Sebepsizce, Sahte Olanın Üzerine

Merhaba efendim. Kim olduğumu sormayınız, merak etmeyiniz, sabırsızca yerinizde tepinmeyiniz. Hali hazırda  sebepsizce yazıyorken bu yazımı, kim olduğumu bu yazının son cümlesinde öğrenebilirsiniz. Gözünüz yazının son cümlesini arar oldu, biliyorum. Sonunu merak ettiğiniz romanlar gibi değil bu yazı. Başı, sonu değil önemli olan muhtevası...
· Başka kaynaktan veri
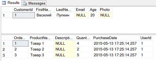 Запустите наш пример и откройте в браузере веб-форму CascadeDelete.aspx и щелкните по кнопке “Сохранить”. Entity Framework воссоздаст базу данных (если модель изменилась) и добавит новые данные в таблицы Customers и Orders. Чтобы в этом убедиться, используйте средства Visual Studio или SQL Server Management Studio для просмотра данных:
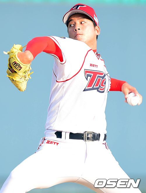 1회초 KIA 선발 임준섭이 힘차게 공을 뿌리고 있다.
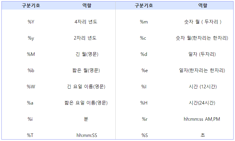 SQL에서 데이트 형식을 변경 할때는 date_format(컬럼, 형식) 을 사용한다. 형식의 경우는 '%Y-%m-%d' 형식을 사용하며 대소문자에 따라 출력 되는 형식이 다르다.
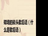 欢迎观看本篇文章,小升来为大家解答以上问题。砌墙的砖头歇后语,什么是歇后语很多人还不知道,现在让我们一起来看看吧! 1、 墙上砌砖的 浏览全文>>
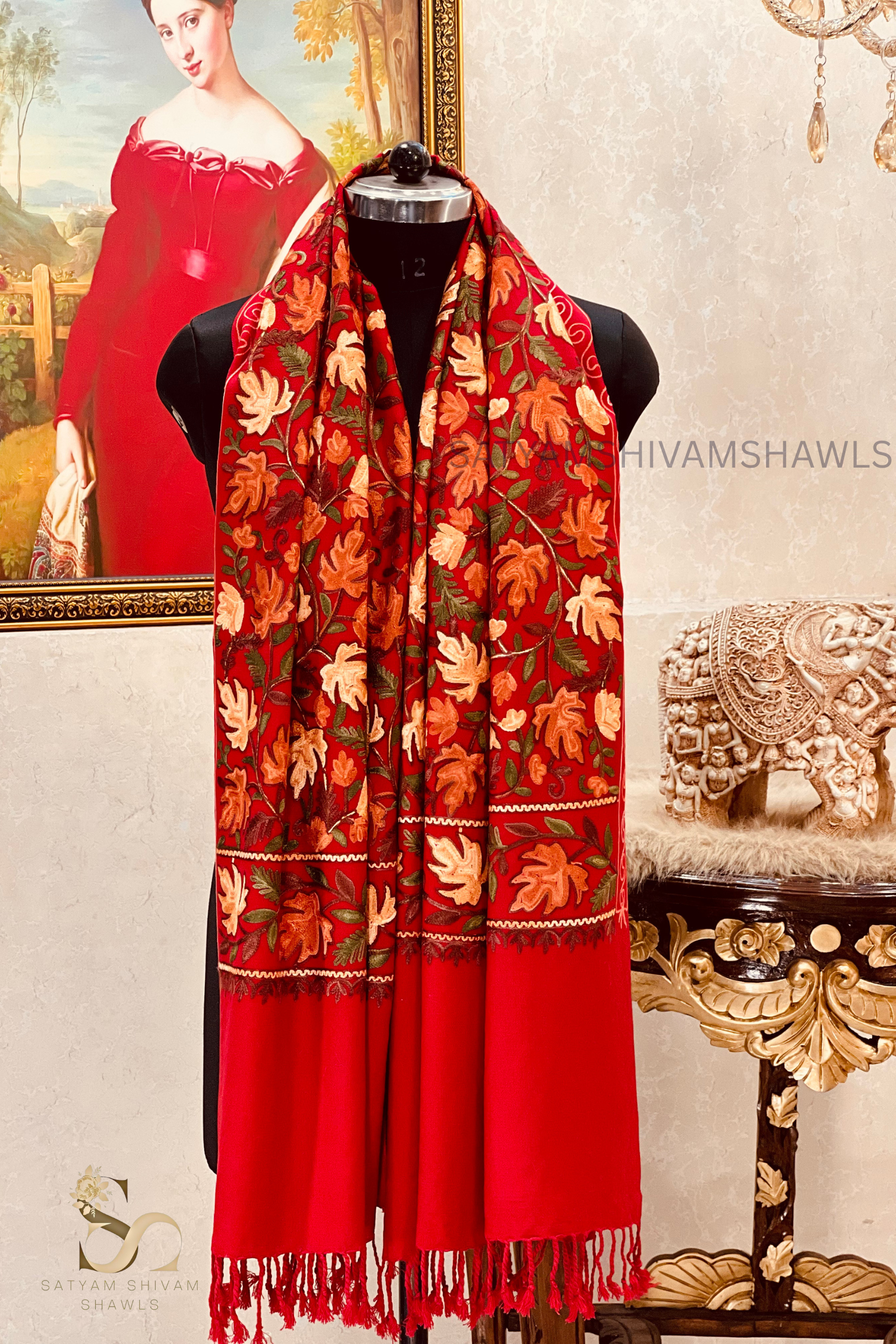 Crafted from pure wool, this Kashmiri stole features exquisite fine Arri embroidery showcasing an antique Chinar leaf design. The rich Mehroon shade enhances its traditional elegance, making it a timeless accessory that offers warmth and refined style. Perfect for connoisseurs of authentic craftsmanship and heritage textiles.
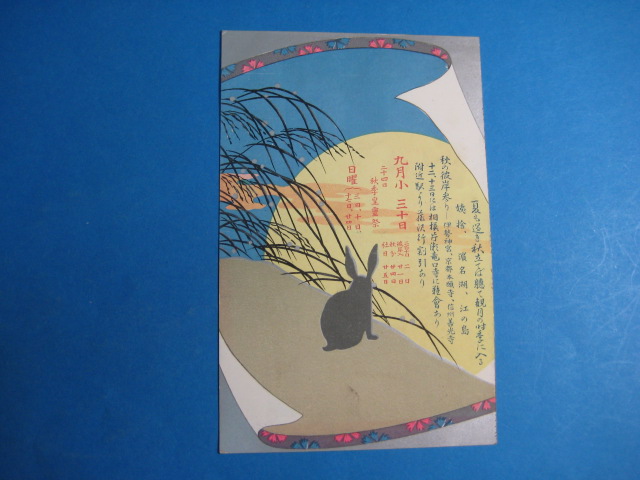 秋季皇霊祭・兎絵葉書 中部鉄道管理局発行年中行事9月
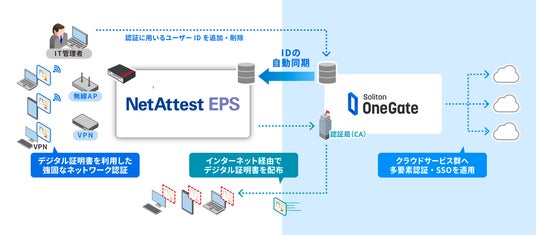 株式会社ソリトンシステムズ(本社:東京都新宿区、代表取締役社長:鎌田 理、以下 ソリトン)は、ネットワーク認証サーバー「NetAttest EPS」において、ユーザーIDおよびデジタル証明書の管理をクラウド上で行える新機能を、2026年1月に提供開始します。

Övünmeyi bilemezdi biri. Mütemadiyen mütevazı olduğunu söylerdi. Sanırdı ki herkes onu kıskanır, en çok da sınırsız ve de eşsiz olan mütevazıliğini. Köpeğe ekmek atmak mütevazılik, sokaktaki çocuğa şeker vermek aynı, sigarasız bir berduş isterse sigara, hemen çıkarıp vermek de öyle!..  Hep böyle sandı. Mütevazı olmakla övünmenin mütevazı olmasını engellediğini fark edemedi. Sahteliği ile sürüp gitti yaşamı.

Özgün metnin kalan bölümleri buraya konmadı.